32 | good bye

7.5K 519 144
                                    

"Udah semua, Gen?" Tanya Icha kepada Gentala yang sedang menutup kopernya dengan susah payah.

Kopernya penuh banget. Padahal ada lebih dari satu. Maklum, sih. Namanya juga mau minggat.

"Udah." Jawab Gentala seraya berdiri lalu ia merenggangkan otot-otot tangan dan bahunya.

Icha mengamati semua barang-barang yang sudah Gentala packing lalu kembali mengabsen beberapa barang yang harus anaknya itu bawa. Gentala yang terkadang pelupa kemudian mengumpulkan barang-barang tersebut ke dalam kopernya dibantu oleh sang bunda.

Setelah selesai, Gentala menjatuhkan dirinya di tepi ranjang. Sumpah, packing itu hal paling melelahkan. Apalagi kalau packing-nya seserius sekarang. Ketika barang-barang yang dibawa banyaknya luar biasa karena kita harus minggat dalam waktu yang cukup lama.

"Gen ..." Icha menghampiri Gentala dan duduk di sebelahnya. "Maafin bunda, ya?"

Gentala memutar kedua bola matanya dengan malas. "Udah, bun. Bunda minta maaf udah dari berapa bulan yang lalu? Dari Gentala masih pakai seragam sampe sekarang Gentala udah wisuda dan tinggal besok berangkat, minta maaf terus. Bosen, tahu?"
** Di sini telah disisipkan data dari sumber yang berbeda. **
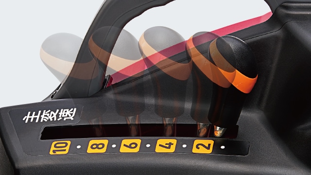 主変速10段で条件に最適な速度が選択可能。ノークラッチで変速ショックもなく軽くスムーズに操作できます。

Icha mencebik kecil. Wajahnya memelas. "Bunda sayang sama kamu, loh. Jangan pikir bunda kayak gini karena bunda mau buang kamu, ya?"

Gentala berdecak. "Bun, kebanyakan nonton sinetron, ah."

"Ini bunda takut, tau?" Icha mencubit lengan Gentala dengan gemas.

Anaknya ini terlalu menyepelekan keresahan orang tua. Tidak tahu apa kalau jadi orang tua itu berat? Banyak kekhawatiran dan ketakutan yang disimpan orang tua di dalam hati. Bahkan sesimpel ketakutan seperti anaknya berpikiran bahwa orang tuanya bukan orang tua yang baik.

"Anak jaman sekarang, kan, kalau nggak sejalan sama ortunya langsung dibikinin thread di medsos, dibilang ortunya toxic, nggak sayang sama dia. Bunda nggak mau kamu mikir kayak mereka," terang Icha dengan kedua alis berkerut menandakan dirinya sedang serius. "Walaupun dulu waktu kamu segede Nastiti kita musuhan karena rebutan ayah, bunda tetap sayang sama kamu, Gen. Kamu, kan, anak laki-laki bunda satu-satunya. Yaaa ... walaupun mukanya nggak ada muka bunda sama sekali."

"Buuun!" Erang Gentala gemas. Bundanya ini bisa lebih dramatisir dari ini nggak, sih? "Bunda, tuh, nggak toxic! Cuma agak freak sedikit!"

Icha melotot. Tangannya refleks langsung menepuk pelan lengan Gentala. "Heh! Kacau kamu!"

Gentala pun tak dapat menahan dirinya untuk tidak tertawa. "Udah, ya, bun. Gentala nggak apa-apa. Gentala paham, kok, alasan bunda sama ayah kirim Gentala ke Singapura—"

"Good boy."

"—bunda sama ayah mau bikin adek buat Nastiti, kan?"

Mata Icha yang baru saja membentuk bulan sabit karena tersenyum, kini kembali membola. "Gentala Narapati! Ngawur, ya!"

Gentala terbahak sekali lagi. "Peluk Gentala dulu sini!" Pinta Gentala sambil merentangkan kedua tangannya.

Icha pun merangsek masuk ke dalam dekapan sang putra. Kedua tangan mereka sama-sama melingkari tubuh satu sama lain dan memberikan pelukan yang begitu erat.

"Nanti bunda sering ke sana, ya, Gen? Biar nggak terlalu berat nahan kangennya." Ucap Icha dengan nada sedih.

"Sa ae, si bunda. Bilang aja pengen shopping." Ledek Gentala diiringi decakan.

Icha tergelak. "Sssst. Ntar ayah denger, Gen!"

"Kalau denger juga nggak masalah, bun. Malah bisa-bisa ayah beliin jet pribadi buat bunda bolak-balik Singapura." Cibir Gentala ketika mengingat kebucinan sang ayah kepada bundanya.